Sunday, November 2, 2008

The Mythical Land of North Wales

The professors decided to give us a free long weekend so that we would be able to travel outside of London. So we split into smaller groups and headed out to explore the British Isles. The group I was travelling with decided that we needed a break from the cities and museums so we decided to explore Northern Wales. On 23 October we began our journey, catching a train from Euston station, we had to switch trains a few times but everything worked out great. I knew it was going to be a magical trip as soon as we got off the train in Llandundo (the double "L" creates a "cla" sound . . . Welsh is awesome).

All that just to say "Please keep to left"? Wow, Welsh really is a long language . . . many people still speak Welsh as their first language in Northern Wales so it was fun to experience it all.

I know I have an over-active imagination but Northern Wales really felt like this wild, mythical land. Maybe because they actually have a DRAGON on their flag, maybe because this is what greeted us that first night.
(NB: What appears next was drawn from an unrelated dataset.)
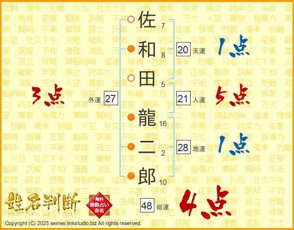 佐(7画)和(8画)田(5画) 龍(16画)二(2画)郎(10画)
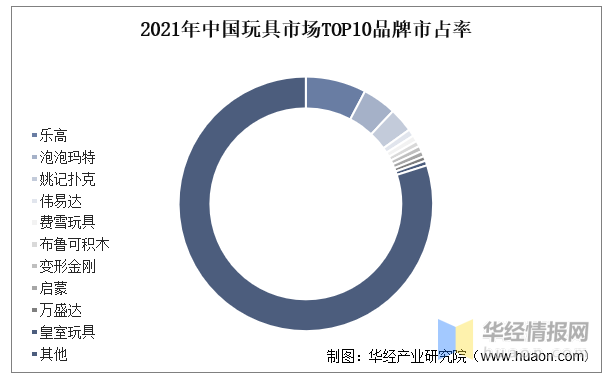 與發達國家相比,我國玩具行業目前市場格局較為分散,國產玩具品牌的市占率和影響力在國內仍整體偏弱。2021年,在中國玩具市場TOP10品牌中,樂高占據領導地位,占比7.7%。其次是泡泡瑪特,達到4.3%的市占率,排名第二,第三名為姚記撲克,市占率為3.1%,其余玩具品牌占比均不足1%。

The light was this crazy red color and it was cold and the wind was blowing. We walked up the hill a little bit and found a pub called the King's Head for dinner. We walked in from the windy, dark night and found a wood fire burning. It felt like a cabin, all warm and snuggly. I had this delicious chilly, it had a little different flavor in it that I couldn't place until Emilee identified it as ginger . . . surprisingly, it was a good addition! That night we ended up going to a male voice choir concert at a local church . . . the Welsh are very into singing. Actually, the Mormon Tabernacle Choir was started by a Welsh immigrant.
The next day we headed west to Snowdonia National Park. Our goal was to ride this train to the top of Mt. Snowdon. We paid 5 pounds and got an unlimited day pass for the area and began our journey. Taking a train would have been faster but we decided that if we took a bus we would be able to see a lot more, and we did. We drove to many remote little towns and up into the mountains. It was beautiful. When we got to the little village that has the train to the top of Mt. Snowdon we discovered that the train was closed for the next few days. We were disappointed but the bus driver directed us to a few sights instead. The picture above is of a lake high in the Welsh mountains. It was gorgeous, wide open spaces were just what I needed.

We visited a Slate Museum while we were waiting for a bus to another part of the National Park. Hillary is posing in the foreground and you can see Katie walking behind her. Slate is a huge industry for Wales, a lot of the homes still have slate roofs!

We caught another bus up to one of the mountain passes. This picture really doesn't give the scenery justice but we were in a bus so there wasn't much time to get a good picture. You might be able to see a stream on the left side of the picture. These streams were everywhere and I haven't seen anything really like it, you would just look out and see water running down the steep hills everywhere!

Me and Mt. Snowdon, the second tallest mountain in the UK at 3560 feet. It sounds wimpy, but once you see it you realize that it's a real mountain. Sir Edmund Hillary actually used it in his training for Mt. Everest, hey, you use what you've got.

We just rode the buses all day, getting off at little villages and explored. Here is a view of one of the villages with a backdrop of mountains.

Mountain village with a raging river.

Our mascot for the trip was Rick . . . Rick Steves that is. Hillary and Rick are giving us some interesting facts at this point while Katie and Emilee listen excitedly.

Caernarfon castle and the Welsh flag.

Emilee, Hillary, and Katie storming the castle. We saw North Wales in one day . . . and on only 5 pounds. That was the best 5 pounds I have ever spent!

That night we warmed up with some hot chocolate made in our hostel room. Our hostel was really, really nice. Actually, it was more like a bed and breakfast, with pictures of the owners' family and feather pillows and leather couches and satellite TV (used only at night of course, everything closes down at 6 pm still) . . . only for the price of a hostel, it was great. The hot chocolate, not so great, it was bitter dark chocolate and most of it got dumped down the sink.

The next day, Saturday, we decided to take "The Great Orme Tramway" in Llandundo up the hill.

A view up the hill, you can see the King's Head, where we ate dinner the first night, on the left side. It was windy and cold before we started our journey and it was REALLY windy and cold when we got to the top.

Me trying to stay warm in the tram.

A view from the top of the hill. We had mountains on this side and the ocean on the other. And the wind was crazy! I don't have any pictures on my camera but it was actually blowing us over. I have never been in wind that strong before! We were able to lean at a 45 degree angle and have the wind hold us up . . . as soon as I get pictures from the rest of the crew I'll post them.
We spent the rest of the day in Conwy. We explored the great castle there and then wandered the food festival they were having. The trip was a good break from school and North Wales will always hold an enchanting place in my heart. It sounds cheesy I know but I just can't explain how much I loved it!